** What you will do **
The entries need to be copied exactly as they stand, images left out.

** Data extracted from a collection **
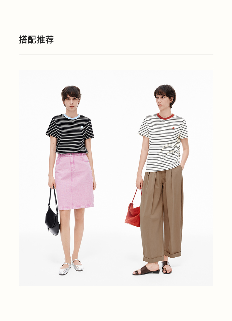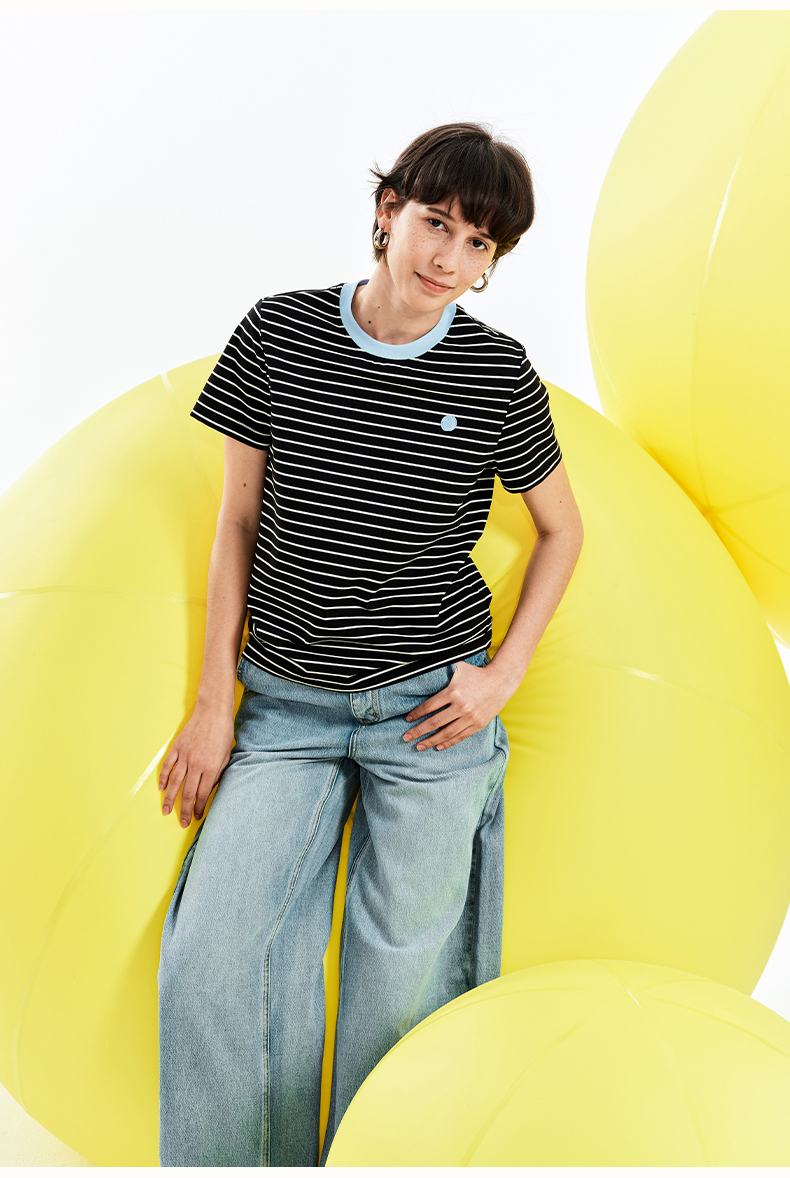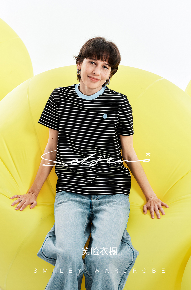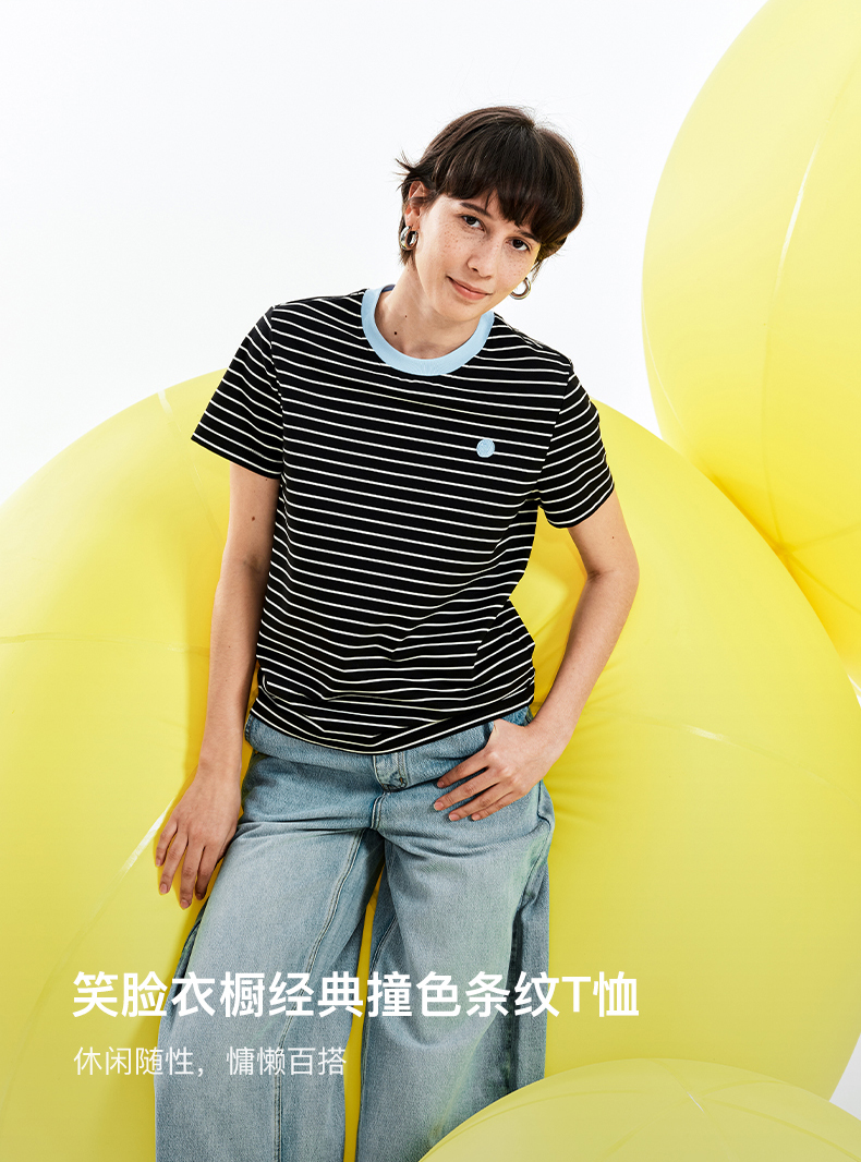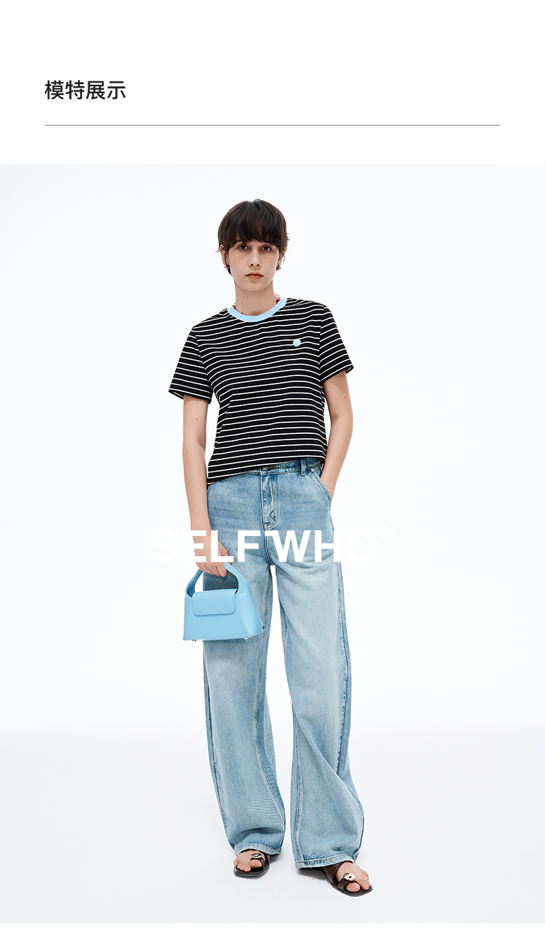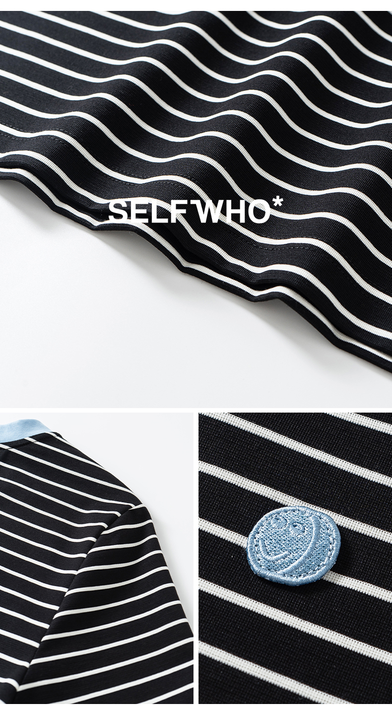 【笑脸衣橱】SELFWHO笑脸衣橱条纹短袖t恤女2025夏新款小个子宽松圆领正肩上衣
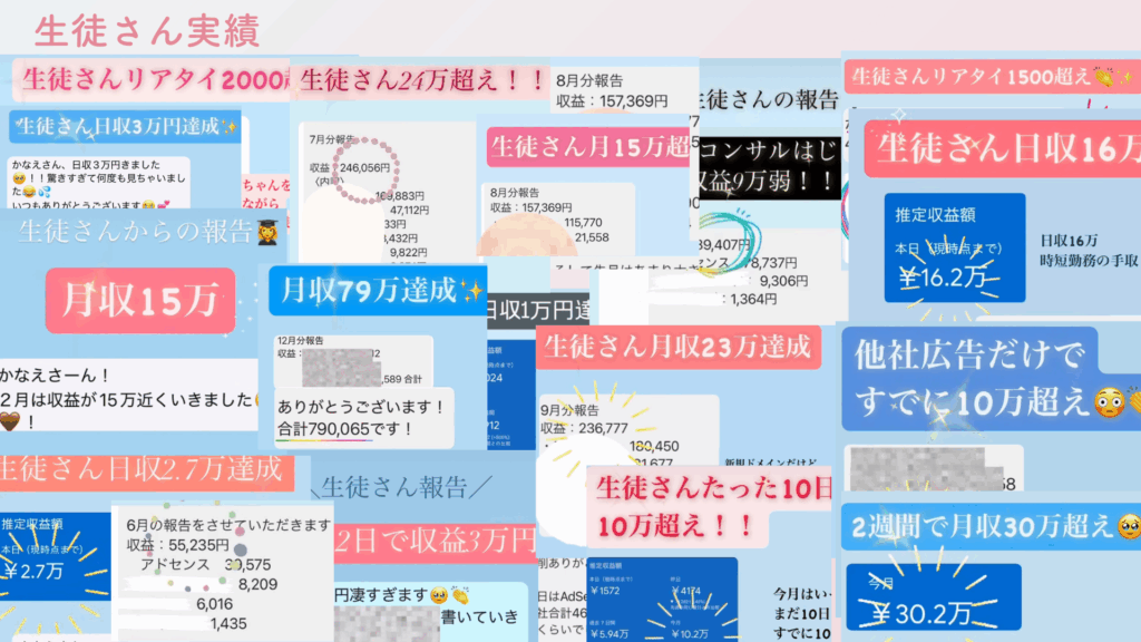 - ブログ開始4ヶ月目で1年間毎月10万以上安定して稼ぐ生徒さん
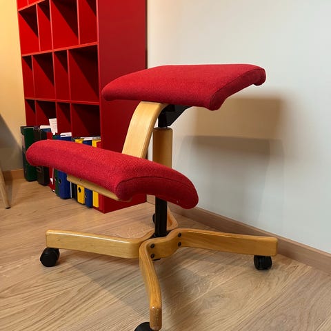 Selger en Varier (Variér) Move balansestol i sort. Dette er en ergonomisk “aktiv-stol” som gjør det lettere å sitte bedre gjennom dagen – spesielt bra til hjemmekontor og hev/senk-pult.
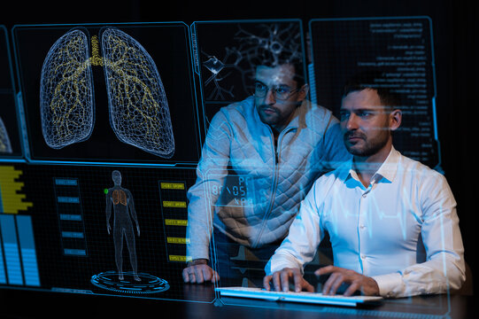 Senior physician interacting with holographic patient vitals on augmented reality display
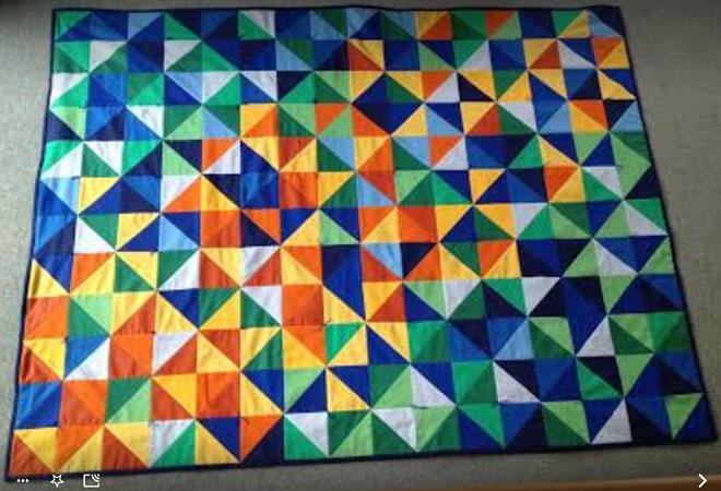 Lod 118:  Her kommer Gittes udgave af Sommerens Sjoveste Stofreste Sysler 2020    Gitte skriver:  Dette tæppe er syet og quiltet i hånden med japansk foldeteknik. Pynter på en bænk i vores entre.   Dette reste-sengetæppe har jeg syet på maskine til mit barnebarn. Det er knudequiltet.   Dette hyggetæppe med vlies-bagside har jeg syet til min dejlige barndomsveninde da hun blev 70. Det er maskisyet og knudeguiltet.
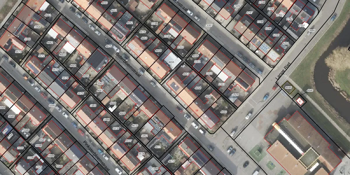 Het perceel waarop Boterbloemstraat 15 staat heeft een oppervlakte van 199 m². Dit is een middelgroot perceel. De perceeloppervlakte wordt geregistreerd door het Kadaster. Gedetailleerde informatie over de maten van dit perceel kunt u vinden in het rapport Kadastrale kaart met maatvoering van Boterbloemstraat 15.
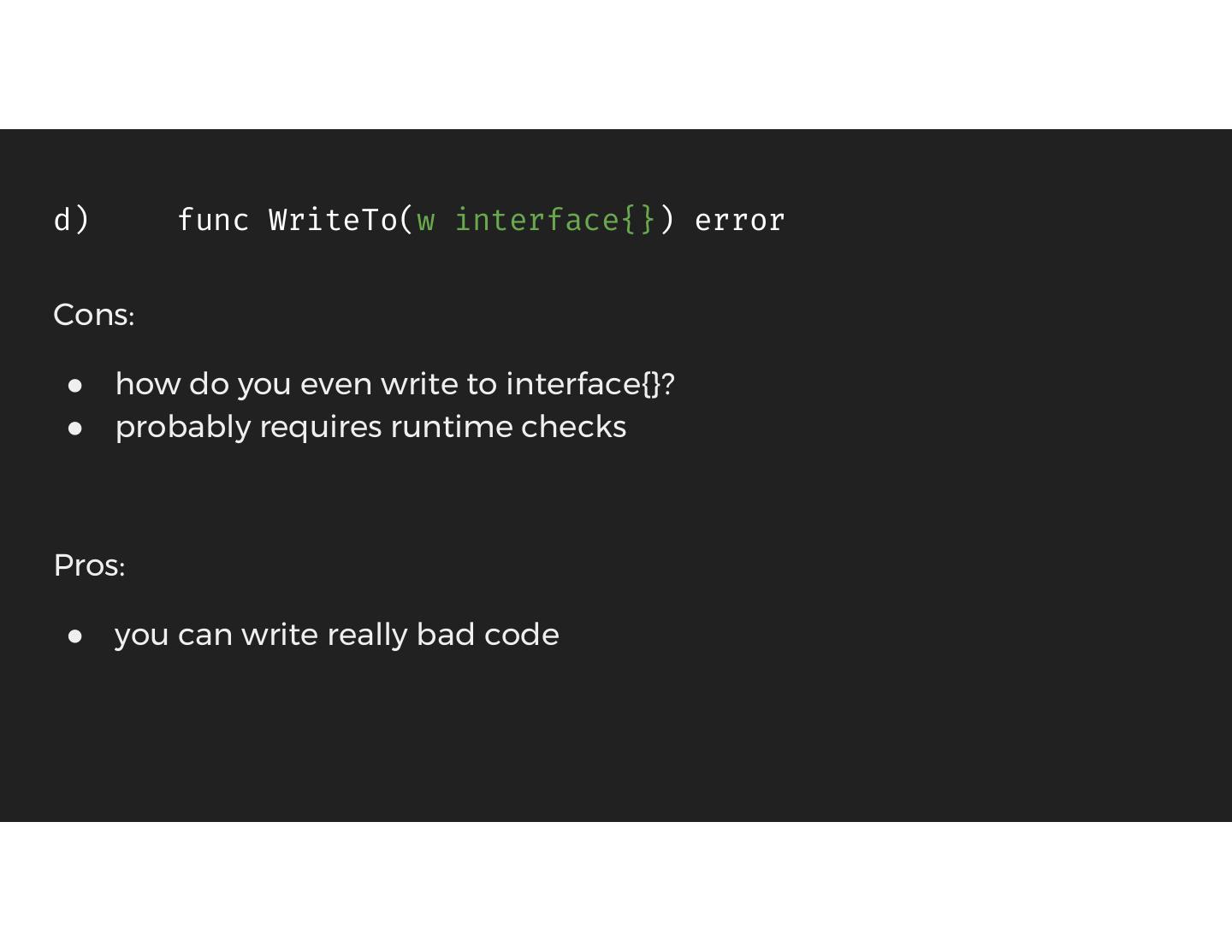 27 .Cons: how do you even write to interface{}? probably requires runtime checks Pros: you can write really bad code

** Answer below **
 【笑脸衣橱】SELFWHO笑脸衣橱条纹短袖t恤女2025夏新款小个子宽松圆领正肩上衣
 - ブログ開始4ヶ月目で1年間毎月10万以上安定して稼ぐ生徒さん
 Selger en Varier (Variér) Move balansestol i sort. Dette er en ergonomisk “aktiv-stol” som gjør det lettere å sitte bedre gjennom dagen – spesielt bra til hjemmekontor og hev/senk-pult.
 Senior physician interacting with holographic patient vitals on augmented reality display
 Lod 118:  Her kommer Gittes udgave af Sommerens Sjoveste Stofreste Sysler 2020    Gitte skriver:  Dette tæppe er syet og quiltet i hånden med japansk foldeteknik. Pynter på en bænk i vores entre.   Dette reste-sengetæppe har jeg syet på maskine til mit barnebarn. Det er knudequiltet.   Dette hyggetæppe med vlies-bagside har jeg syet til min dejlige barndomsveninde da hun blev 70. Det er maskisyet og knudeguiltet.
 Het perceel waarop Boterbloemstraat 15 staat heeft een oppervlakte van 199 m². Dit is een middelgroot perceel. De perceeloppervlakte wordt geregistreerd door het Kadaster. Gedetailleerde informatie over de maten van dit perceel kunt u vinden in het rapport Kadastrale kaart met maatvoering van Boterbloemstraat 15.
 27 .Cons: how do you even write to interface{}? probably requires runtime checks Pros: you can write really bad code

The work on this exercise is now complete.